Manual laborers, smokers, and those who repetitively bend/straighten their elbow for more than 1 h/day and have poor social support have been associated with higher rates of lateral epicondylitis [10, 14, 30, 35]. The burden on the economic system is substantial, with 5 % of the affected working-age subjects reporting work absence because of elbow symptoms in the past 12 months [35]. In addition, comorbid conditions, including rotator cuff pathology, DeQuervain’s disease, carpal tunnel syndrome, and oral corticosteroid therapy, have been shown to be independent risk factors for developing lateral epicondylitis. The exact mechanism for this is unclear [33].

How effective is Shockwave Therapy as a treatment?

At Physio Tullamore we use the most evidence based treatments. Below is a study looking at the effectiveness of Shockwave Therapy for the treatment of Tennis Elbow.

Title: Efficacy of low-energy extracorporeal shockwave therapy and a supervised clinical exercise protocol for the treatment of chroniclateral epicondylitis: A randomised controlled study

(Author/Creator: Sarkar, Bibhuti ; Das, Pooja Ghosh ; Equebal, Ameed ; Mitra, Puspal Kumar ; Kumar, Ratnesh ; Anwer, Shahnawaz (Hong Kong Physiotherapy Journal, 2013, Vol.31(1), pp.19-24 [Peer Reviewed Journal])

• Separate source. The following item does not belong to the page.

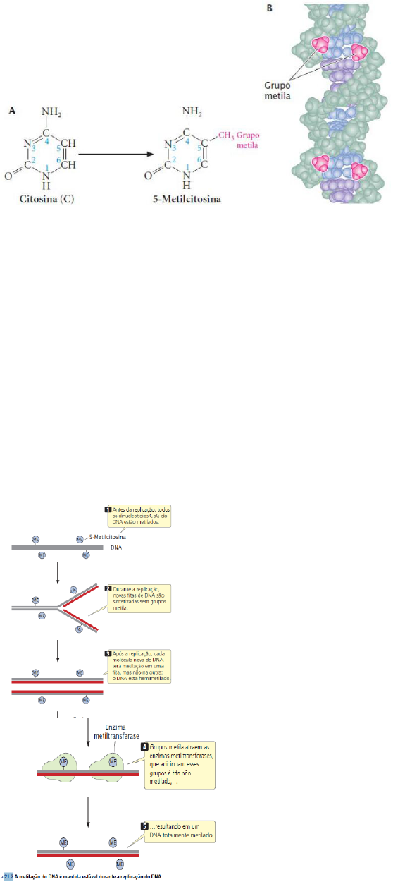 O que é epigenética? Atualmente, a epigenética se refere, de modo geral, aos fenótipos e processos que são transmitidos para outras células e às vezes, a futuras gerações, mas não são o resultado das diferenças na sequência de bases do DNA. Os efeitos epigenéticos são causados por mudanças na expressão gênica resultantes de alterações à estrutura de cromatina ou outros aspectos da estrutura do DNA, como a metilação do DNA. Uma definição de um traço epigenético é: um fenótipo herdado com estabilidade resultante de mudanças na cromatina sem alterações na sequência de DNA. Alguns pesquisadores ampliaram a definição de epigenética de modo a incluir qualquer alteração da estrutura da cromatina ou do DNA que afete a expressão gênica. Aqui, usaremos a epigenética para se referir às mudanças na expressão gênica e/ou em um fenótipo que são potencialmente herdados sem alteração da sequência de bases de DNA envolvida. Muitas mudanças epigenéticas são estáveis, persistindo por divisões celulares ou até gerações. Entretanto, as alterações epigenéticas também são potencialmente influenciadas por fatores ambientais. Por exemplo, foi demonstrado que o estresse ambiental altera a metilação do gene Bdnf do rato, que codifica um fator de crescimento importante no desenvolvimento do cérebro. A metilação do DNA foi correlacionada com a expressão de genes e os fenótipos produzidos. Vários processos moleculares levam a mudanças epigenéticas A epigenética altera a expressão dos genes; essas alterações são estáveis o suficiente para serem transmitidas por mitose (e, às vezes, por meiose), mas também podem ser alteradas. A maioria das evidências sugere que os efeitos genéticos são produzidos por mudanças físicas na estrutura da cromatina. Vamos analisar três tipos de mecanismos moleculares que alteram a estrutura da cromatina e sustentam muitos fenótipos epigenéticos: (1) mudanças nos padrões de metilação do DNA; (2) modificações químicas das proteínas histona e (3) moléculas RNA que afetam a estrutura da cromatina e a expressão gênica. Metilação do DNA O mecanismo mais bem compreendido da mudança epigenética é a metilação do DNA. A metilação do DNA refere-se ao acréscimo de grupos metila às bases de nucleotídios. Nos eucariotos, o tipo predominante de metilação de DNA é a metilação da citosina para produzir 5-metilcitosina (Figura 21.1 A). A metilação do DNA está associada à repressão da transcrição. Ela ocorre, com frequência, nas bases citosina que estão imediatamente adjacentes aos nucleotídios guanina, chamados de dinucleotídios CpG (em que p representa o grupo fosfato que conecta os nucleotídios C e G). Nos dinucleotídios CpG, os nucleotídios citosina nas duas fitas de DNA estão em diagonal um em relação ao outro. Em geral, ambas as bases citosina estão metiladas, então os grupos metila surgem em ambas as fitas de DNA, como apresentado a seguir e na Figura 21.1 B. Algumas regiões do DNA têm mais dinucleotídios CpG e são chamados de ilhas de CpG. Nas células de mamíferos, as ilhas de CpG estão localizadas nos promotores de genes ou próximas a estes. Essas ilhas de CpG não estão metiladas quando os genes são transcritos de forma ativa. Entretanto, a metilação das ilhas de CPG próximas de um gene leva a repressão da transcrição. As células reprimem e ativam os genes ao metilar e desmetilar as bases citosina. Enzimas chamadas DNA metiltransferases metilam DNA ao adicionar grupos metila a bases de citosina para criar 5-metilcitosina. Outras enzimas chamadas de desmetilases removem os grupos metila, convertendo 5-metilcitosina de volta para citosina Manutenção da metilação. O fato de que as mudanças epigenéticas são transmitidas para outras células e (às vezes) para gerações futuras significa que as mudanças na estrutura da cromatina associadas aos fenótipos epigenéticos têm de ser fielmente mantidas quando os cromossomos se replicarem. Como as mudanças epigenéticas são mantidas e replicadas durante o processo de divisão celular? A metilação de sequências CpG significa que duas bases citosina metiladas estão em diagonal uma da outra em fitas opostas. Antes da replicação, as bases citosina em ambas as fitas são metiladas (Figura 21.2). Imediatamente após a replicação semiconservativa, a base citosina na fita molde estará metilada, mas a base citosina na fita recém-replicada, não. Enzimas metiltransferases especiais reconhecem o estado hemimetilado dos dinucleotídios CpG e adicionam grupos metila a bases citosina não metiladas, criando duas novas moléculas de DNA totalmente metiladas. Dessa forma, o padrão de metilação do DNA é mantido durante a divisão celular. Repressão da transcrição pela metilação do DNA. Como a metilação do DNA suprime a expressão gênica? O grupo metila da 5-metilcitosina se localiza no sulco principal do DNA, que é reconhecido por muitas proteínas ligadoras de DNA. A localização do grupo metila no sulco principal inibe a ligação de fatores de transcrição e outras proteínas necessárias para que ocorra a transcrição. A 5-metilcitosina também atrai algumas proteínas que reprimem diretamente a transcrição. Além disso, a metilação do DNA atrai as enzimas histona desacetilase, que removem os grupos acetila das caudas das proteínas histona, alterando a estrutura da cromatina de forma que reprime a transcrição Modificações da histona As mudanças epigenéticas também podem ocorrer pela modificação das proteínas histona. Nas células eucarióticas, o DNA é complexado a proteínas histona na forma de nucleossomos, que são as unidades repetidas básicas da estrutura da cromatina. Já foram detectadas mais de 100 diferentes modificações pós-tradução das proteínas histona. Muitas dessas modificações ocorrem nas caudas com carga elétrica positiva das proteínas histona

Subjects: extracorporeal shockwave therapy ; lateral epicondylitis ; supervised exercise protocol

Description: This randomised controlled trial was designed to evaluate the efficacy of low-energy extracorporeal shockwave therapywith a supervised exercise protocol for the treatment of chronic lateral epicondylitis. Thirty patients of lateral epicondylitis were randomly placed into two groups: an experimental group (n = 15) and a control group (n = 15). The experimental group received low-energy extracorporeal shockwave therapy and supervised exercise once a week for 3 weeks, whereas the control group received a supervised exercise protocol three times a week. Both the groups were instructed to carry out a home exercise programme twice daily for 4 weeks.Outcome parameters included in this study were pain intensity, pain-free grip strength, and the Disability of Arm, Shoulder, and Hand questionnaire. Data were collected at baseline and after the end of treatment (at 4th week). There was a decline in pain, and improvements in pain-free grip strength and limb function in both groups compared with the baseline values. At the end of the treatment period, the experimental group had greater reduction in pain intensity and better improvement in limb function (p < 0.01).

It can be concluded that low-energy extracorporeal shockwave therapy, when combined with regular exercise, is an effective method for reducing pain and improving upper limb function in patients with chronic lateral epicondylitis.